[To do]:
Print only the lines below from the one with "把弹窗关闭后,就进行输入车牌" to the one with "Strategic Behavior of", both included, exactly as they stand. Leave pictures out.

[Material to process]:
* * * * * * *

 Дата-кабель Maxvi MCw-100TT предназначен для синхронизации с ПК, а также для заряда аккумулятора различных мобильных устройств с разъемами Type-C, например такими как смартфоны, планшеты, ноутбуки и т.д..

* * * * * * *

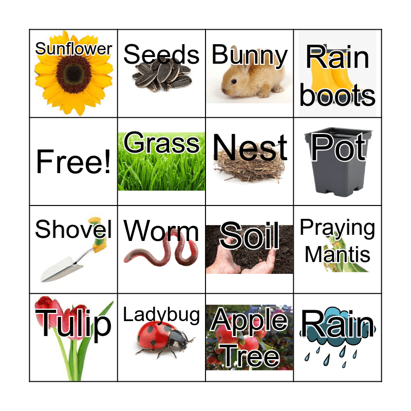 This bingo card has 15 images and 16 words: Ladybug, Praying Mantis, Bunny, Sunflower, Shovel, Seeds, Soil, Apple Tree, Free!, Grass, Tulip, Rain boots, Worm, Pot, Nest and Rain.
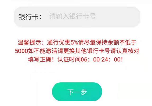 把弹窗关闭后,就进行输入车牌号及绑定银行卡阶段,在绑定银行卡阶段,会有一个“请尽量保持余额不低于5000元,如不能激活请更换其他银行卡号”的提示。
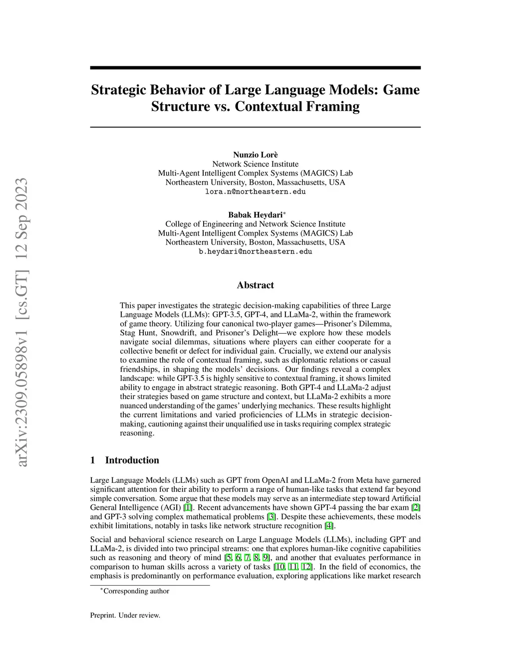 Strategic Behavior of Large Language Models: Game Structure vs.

* * * * * * *

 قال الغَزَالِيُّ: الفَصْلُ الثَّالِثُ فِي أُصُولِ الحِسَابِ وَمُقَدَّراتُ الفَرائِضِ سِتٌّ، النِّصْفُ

* * * * * * *

[Solution]:
 把弹窗关闭后,就进行输入车牌号及绑定银行卡阶段,在绑定银行卡阶段,会有一个“请尽量保持余额不低于5000元,如不能激活请更换其他银行卡号”的提示。
 Strategic Behavior of Large Language Models: Game Structure vs.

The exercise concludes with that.